先日のMステに19年ぶりに出演。新曲を披露。
声が出てないな。歌唱力は昔もこんな感じだったかな。
でもちょっと痛々しい…。
ルックスもドリフの仲本工事さん…?
曲はなんかいいかも。
と言うのが歌を聞いて直後の感想でした。

が、

それから2日、3日。
オザケンの歌のフレーズ、曲、映像が頭から離れないのです。

「羽田沖 街の灯が揺れる」
「雨上がり 高速を降りる」
羽田から湾岸線、夜の首都高を走る映像が浮かんできます。

それからオザケンの昔の歌が次々に頭の中に蘇ってきました。
オザケンの新曲は昔のオザケンそのものだった!

そして、もう一回新曲を聞きたいと思うようになり、急ぎアマゾンで「流動体について」を購入してしまいました。
「流動体について」「神秘的」をループで聞きながらこれを書いています。

姿は年をとったかもしれませんが、今ではすごく価値のあるMステ出演だったと思っています。

オザケンが登場した1990年代、僕は10代でした。

当時は小室哲哉サウンド全盛、ビジュアル系バンドも多かった時代。
そんな中、カジュアルなルックスで飄々とした雰囲気のオザケンに親しみを感じたというのがまずあったと思います。
ミスチルみたいにどーんと売れたわけではなく、力抜けてる感じがよかったですね。
スピッツとは少し共通してるかもしれません。スピッツも僕は好きです。

当時は出演した番組を録画して見ていました。
HEY!HEY!HEY!でのダウンタウンとのやりとりは面白かったですね。

オザケン「僕すっごい頭良いんですよ。(会場笑) 塾とか行ったこと無いし。」
ダウンタウン「で、東大!(呆)」

ところがこれが屈託がないと言うかホントのことだし、もう突き抜けちゃってるので、松ちゃんも笑って「僕は小沢君のことが好きになりました」と言っていました。
オザケンももしかしたら当時若くて尖ってたかもしれませんけどね。

オザケンのアルバムは3枚持っています。
やっぱり「LIFE」の完成度が素晴らしすぎました。
有名な「ラブリー」を含め全曲が素晴らしい。
当時はIPodとか無いのでずっとCDで再生しまくって、CDが音飛びするようになっちゃいました。

楽曲はアコースティックな感じが好きでしたね。
歌詞は「都会的な固有名詞を使うセンス」と「情景が浮かぶ表現」のがオザケンの良さだったのかなあ、って思いだしています。

「固有名詞を使うセンス」はサザンの桑田さんもお得意のものですね。
「砂まじりの茅ヶ崎」とかすごいインパクト。

オザケンの場合、
「東京タワーから続いてくる道 君は完全にはしゃいでるのさ」
「寒い冬にダッフルコート着た君と 原宿あたり風を切って歩いてく」
「プラダの靴が欲しいの そんな君の願いをかなえるため」
都会的なワードを織り込んで歌詞の世界を作るのが上手いなー、って思います。
都会的でポジティブな歌詞のイメージがオザケン自身の人となりともマッチしてたのが良かったのではないでしょうか。

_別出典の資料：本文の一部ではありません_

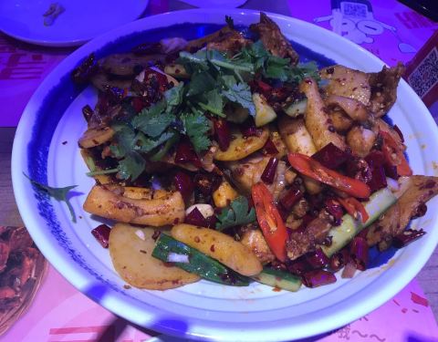 环境不错,东西也好吃,以前吃过干锅都比较咸,跟点菜的说了菜不要太咸,真的还好,还点了一个糍粑,因为肚子太饿了,忘记拍照了

観察力や表現力が豊かなアーティストはたくさんいます。
でも、そのアーティストの生い立ちなどで作風が決まり、書くことが出来ても、書きたくても、決して作品に出来ないものがあると思うのです。

例えば、サザンの桑田さんが歌で描くのは湘南の海であったり、街の華やかさを歌っても横浜だったりします。
福山さんや長渕さんが描く東京は、「上京してくるところ」です。
たとえ東京に長く住んでても、どうしても生い立ちから「キラキラした東京」を歌えない。
キラキラした東京は「近くて遠い存在」になってしまうのです。

オザケンは生い立ちも人となりも「王子様」で、オザケンほど「都会的でキラキラした東京」を堂々と歌える人っていなかったんじゃないかと思います。
原宿や東京タワーをウキウキデートする描写に全く無理がありません。
この点で唯一無二の存在。
オザケンのファンは、オザケンの「都会的な姿」に憧れや羨望に似た気持ちを抱いていたんじゃないでしょうかね。

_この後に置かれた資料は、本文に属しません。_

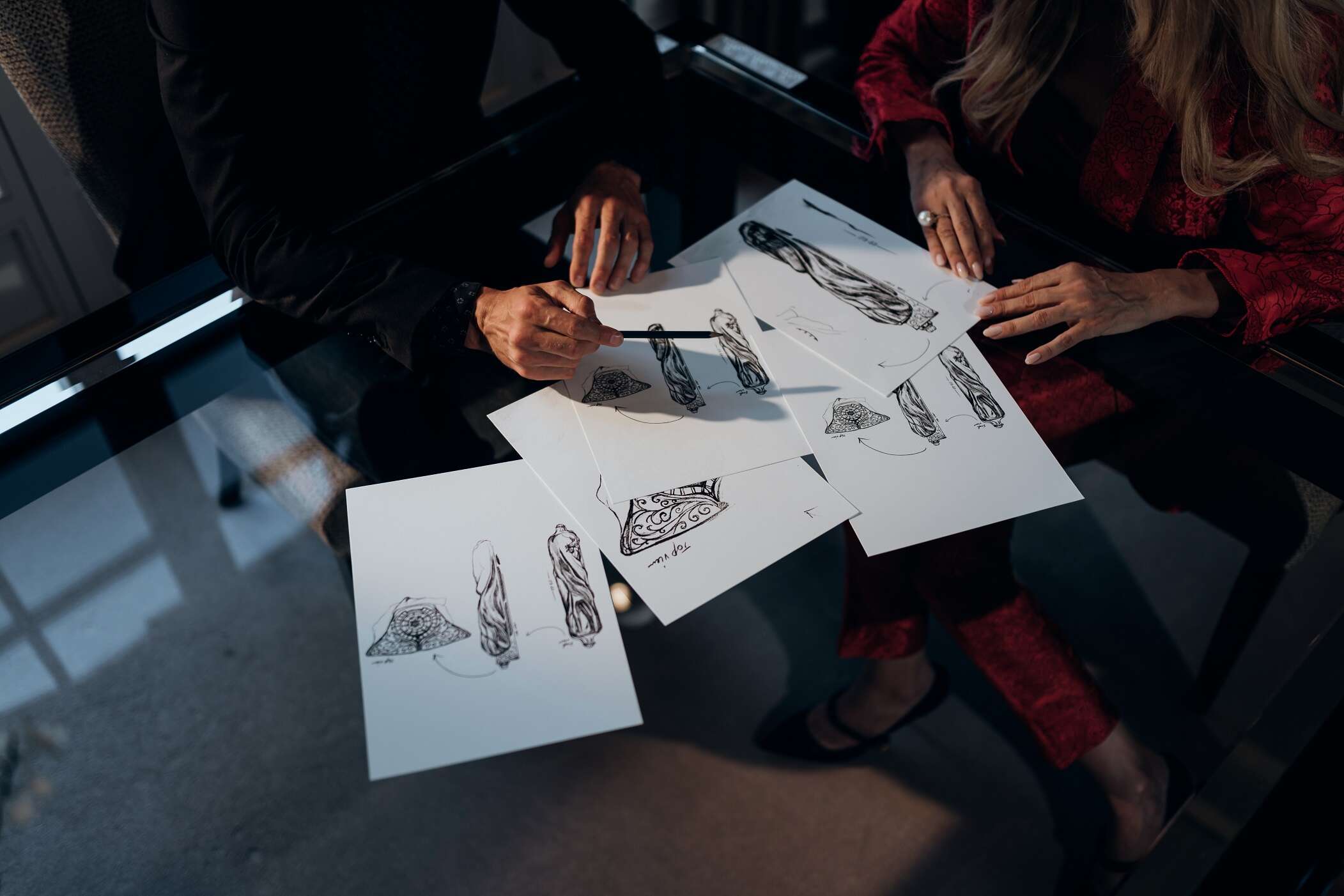השרטוטים בעת פיתוח המזוזה עבור בית העיצוב לליק, צילום: Quentin Valleye- Cyclon’valleye Production

新曲の「流動体について」は、タイトルからは「球体の奏でる音楽」のような少し重い感じをイメージしてましたが、

「羽田沖 街の灯が揺れる」

で一気にハートを鷲づかみ。
この風景描写とストリングの効いた軽快なメロディで、かつてのオザケンの記憶が蘇る懐かしく新しい曲だと思いました。
カップリングの「神秘的」にも「東京」のワードが出てオザケンらしい曲だと思います。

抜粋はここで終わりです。